Both countries faced significant challenges in managing economic growth during 2020, with China recording 2.24% growth and India contracting by 6.6%. China recovered quickly from the first wave and restored economic momentum at speed. Both countries showed strong recovery in 2021, with India recording 8.9% growth and China 8.1%. At the time of writing in 2022, China was projected to grow at 5.5% and India at 8%. The full impact of Xi Jinping’s zero-Covid strategy — and the prolonged lockdowns in Shanghai and Beijing — on those projections had not yet been fully estimated.

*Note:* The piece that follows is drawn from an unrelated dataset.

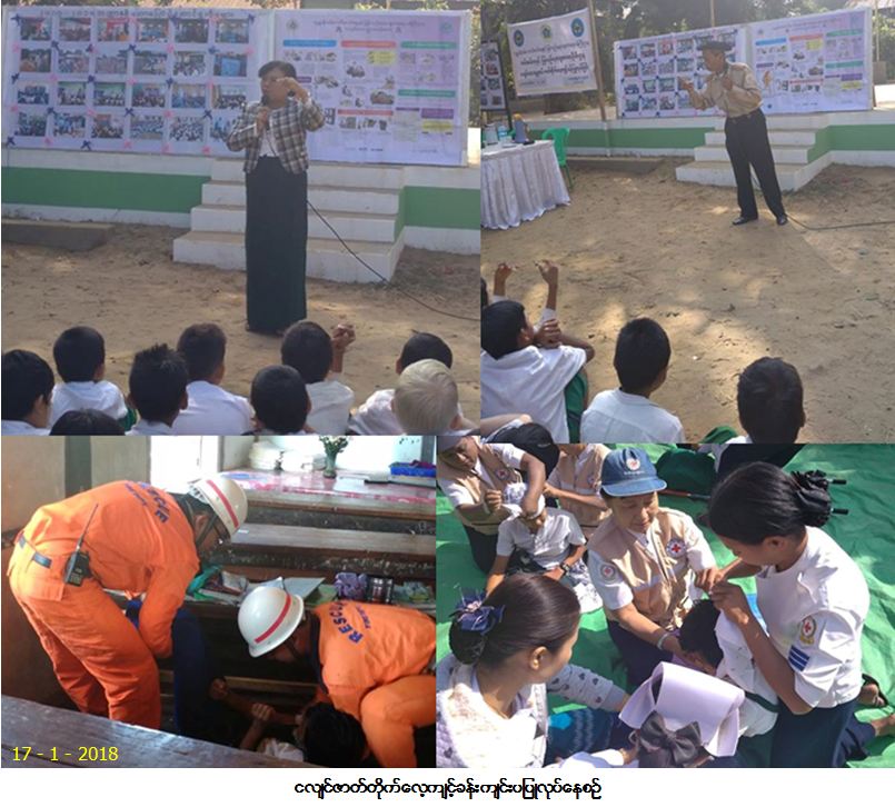 ကယ်ဆယ်ရေးနှင့် ပြန်လည်နေရာချထားရေးဦးစီးဌာန၊ နေပြည်တော်တိုင်းဦးစီးမှူးရုံးမှ တာဝန်ရှိသူများသည် လယ်ဝေးမြို့နယ်၊ အထွေထွေအုပ်ချုပ်ရေးဦးစီးဌာန၊ လယ်ဝေးမြို့နယ် အခြေခံ ပညာဦးစီးဌာန၊ နေပြည်တော် မီးသတ်ဦးစီးဌာန၊ နေပြည်တော် ပြည်သူ့ကျန်းမာရေးဦးစီးဌာန၊ လယ်ဝေးမြို့နယ် ပြန်ကြားရေးနှင့် ပြည်သူ့ ဆက်ဆံရေးဦးစီးဌာန၊ နေပြည်တော် ကြက်ခြေနီကြီးကြပ်မှု ကော်မတီတို့နှင့်ပူးပေါင်း၍ (၁၇-၁-၂၀၁၈) ရက်နေ့တွင် လယ်ဝေးမြို့နယ်၊ သပြေပင်(အ.ထ.က-၃) စာသင်ကျောင်း၌ ကျောင်းသား၊ ကျောင်းသူ (၃၀၀) ဦးဖြင့် ငလျင်ဇာတ်တိုက်လေ့ကျင့်ခန်းအား နံနက် (၁၁:၀၀)နာရီအချိန်မှ (၁၂:၀၀)နာရီအချိန်ထိ ကျင်းပ ပြုလုပ်ခဲ့ပြီး အခမ်းအနားသို့ နေပြည်တော်ကောင်စီဝင် ဦးအေးမောင်စိန်နှင့် ဌာနဆိုင်ရာဝန်ထမ်းများ စုစုပေါင်း (၁၀၀) ဦးခန့် တက်ရောက်၍ ပူးပေါင်းပါဝင်ဆောင်ရွက်ခဲ့ပါကြောင်း သတင်းရရှိပါသည်။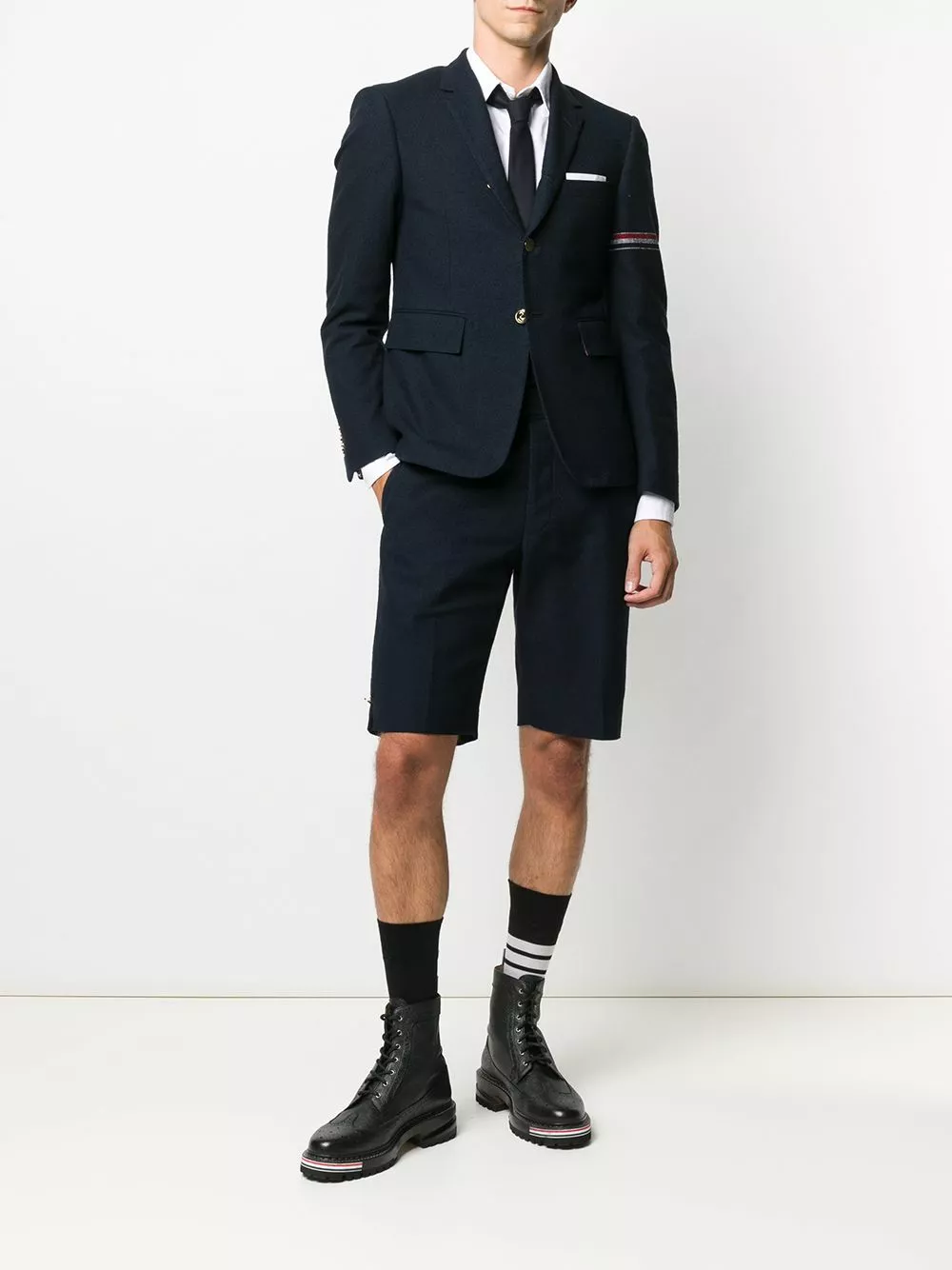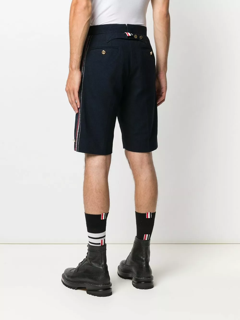 Channel your inner schoolboy, in these navy shorts from Thom Browne. The expertly constructed shorts are intricately woven from a fine cotton-polyamide mix, all topped off with the brand’s signature RWB tricolor stripe detailing. And no homework in sight.

The strained bilateral trade relationship
The economic picture is reflected in the bilateral trade figures published by both countries. According to Beijing, trade between the two countries grew by 44% in 2021 to reach USD 125 billion, making China the largest trading partner of India. India disputed these figures, claiming that trade with China amounted to USD 115.42 billion. Delhi also announced that the United States had replaced China as India’s largest trading partner, with total trade of USD 119.42 billion.
India’s dependence on China for manufactured goods continues unabated, as seen in imports worth almost USD 95 billion from China. However, Indian exports to China have remained static at USD 18–20 billion over the preceding three years. India’s broader export success during 2021–22 — when total exports crossed USD 400 billion for the first time — has effectively left China aside as a growth market for Indian goods.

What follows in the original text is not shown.